COMMITTEE ON EDUCATION,
HOUSE OF REPRESENTATIVES,
Wednesday, January 14, 1925.

The committee met at 10.30 o'clock a. m., Hon. Frederick W. Dallinger (chairman) presiding.

The CHAIRMAN. I called this meeting to give Congressman Cramton a hearing on the bill introduced by him, H. R. 10604, relating to Howard University.

The bill reads as follows:

Be it enacted, etc., That section 8 of an act entitled “An act to incorporate the Howard University in the District of Columbia," approved March 2, 1867, be amended to read as follows:

"SEC. 8. Annual appropriations are hereby authorized to aid in the construction, development, improvement, and maintenance of the university, no part of which shall be used for religious instruction.
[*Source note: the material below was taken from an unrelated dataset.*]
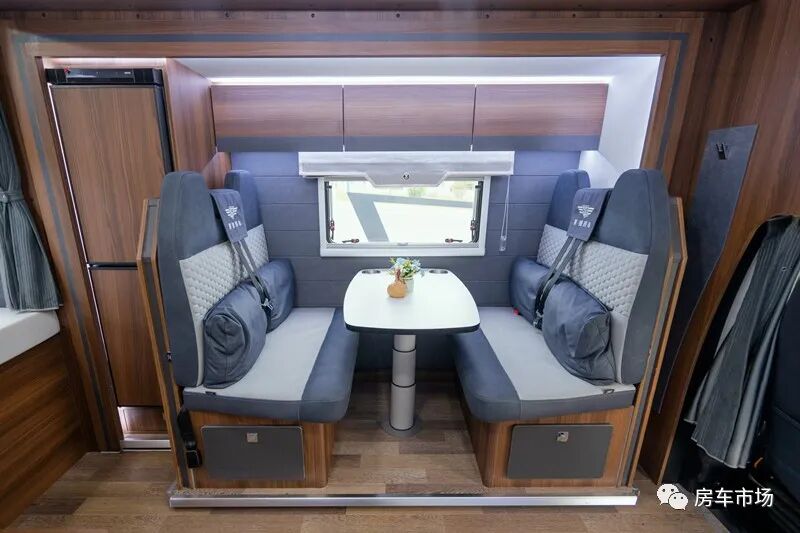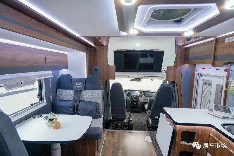 车内座椅采用2+2+2结构,整车可荷载6人。驾驶舱上部有一张2.2米的额头双人大床,内部空间宽裕并配有乳胶床垫,舒适度高。两侧设计有房车专用外推窗,保障日常的采光通风效果。床板掀起后,是一台32寸液晶电视。会客区采用对卡座结构,配有宽大的沙发以及升降餐桌,可拼成一张临时床位。内侧配有外推窗,上部是一组储物吊柜。在卡座的后部还配有一台12V-152L双开门车载冰箱。

The university shall at all times be open to inspection by the Bureau of Education and shall be inspected by the said bureau at least once each year. An annual report, making a full exhibit of the affairs of the university, shall be presented to Congress each year in the report of the Bureau of Education."

STATEMENT OF HON. LOUIS C. CRAMTON, A REPRESENTATIVE IN CONGRESS FROM THE STATE OF MICHIGAN

Mr. CRAMTON. Mr. Chairman, I appreciate very much the kindness of the committee in so promptly giving us a hearing on this bill, and I want to reciprocate by condensing what we have to present, as far as possible, and will not unduly detain you.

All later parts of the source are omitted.